Perhaps what’s more noteworthy than the fact that Facebook removed these accounts is that the company let them stay on its platforms for this long. Stamos said his team has been working for months to uncover more IRA activity on Facebook’s platforms, but reports in outlets like BuzzFeed and the New York Times have documented IRA misinformation activity since 2014.

Last September, on the day Facebook announced plans to revamp its political advertising policies, general counsel Colin Stretch said Facebook would share the content of thousands of IRA ads run before and after the 2016 election with Congressional investigators and Mueller.

Two months later, Facebook announced plans to provide people with a tool that notifies users who followed or liked IRA content. The same tool can also tell people if they were connected with any of the recently removed accounts.
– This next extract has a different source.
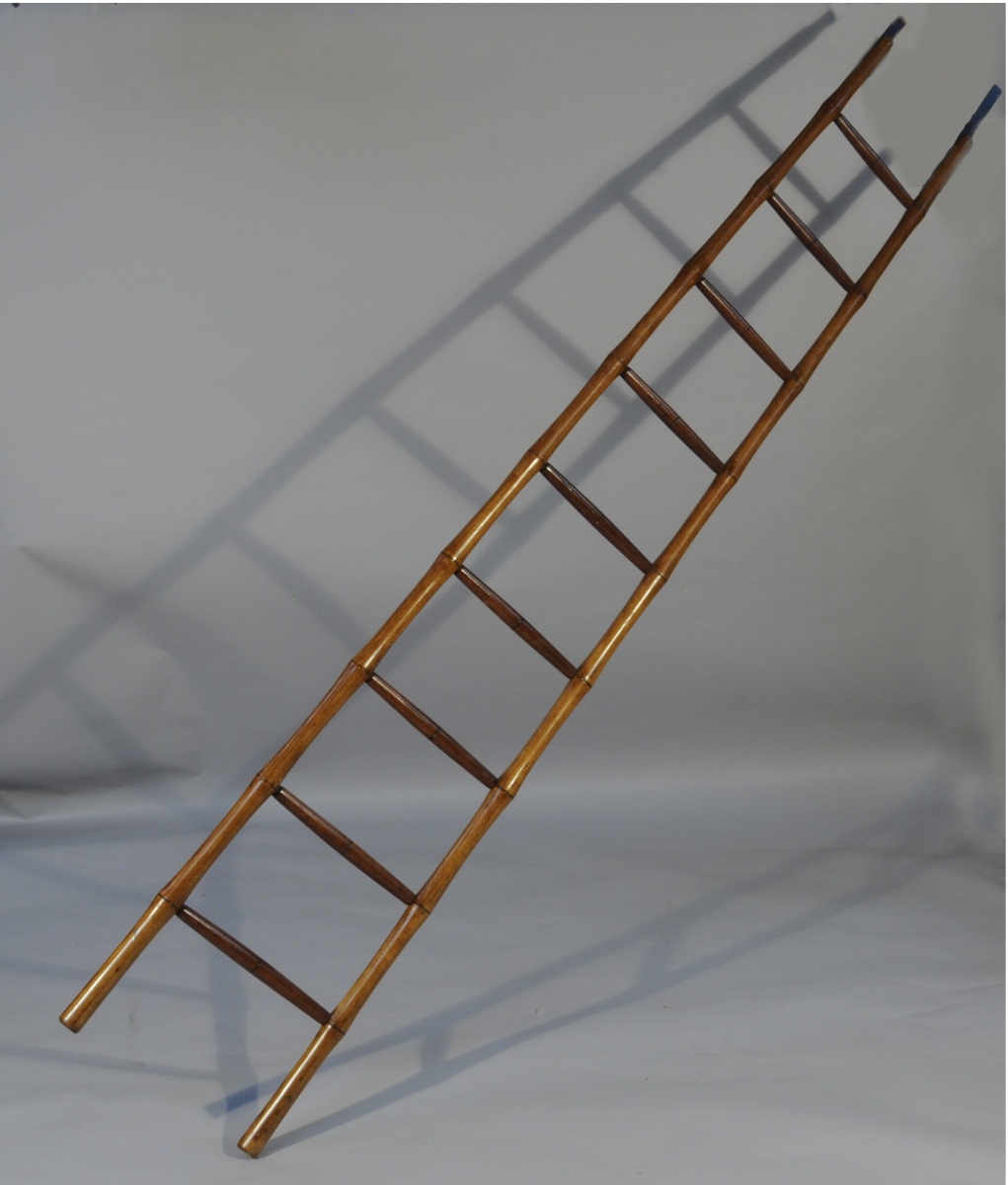 ÉCHELLE DE BIBLIOTHÈQUE en bois sculpté à l'imitation bambou.

“The IRA has consistently used inauthentic accounts to deceive and manipulate people,” Stamos said. “It’s why we remove every account we find that is linked to the organization — whether linked to activity in the U.S., Russia, or elsewhere.”

VentureBeat has reached out to Facebook to ascertain when the social media giant was first made aware that accounts and Facebook Pages removed today were associated with the Internet Research Agency. We will update this story if we hear anything back.

Updated April 3, 11:10 p.m. Pacific with clarification from a Facebook spokesperson regarding IRA advertising spending.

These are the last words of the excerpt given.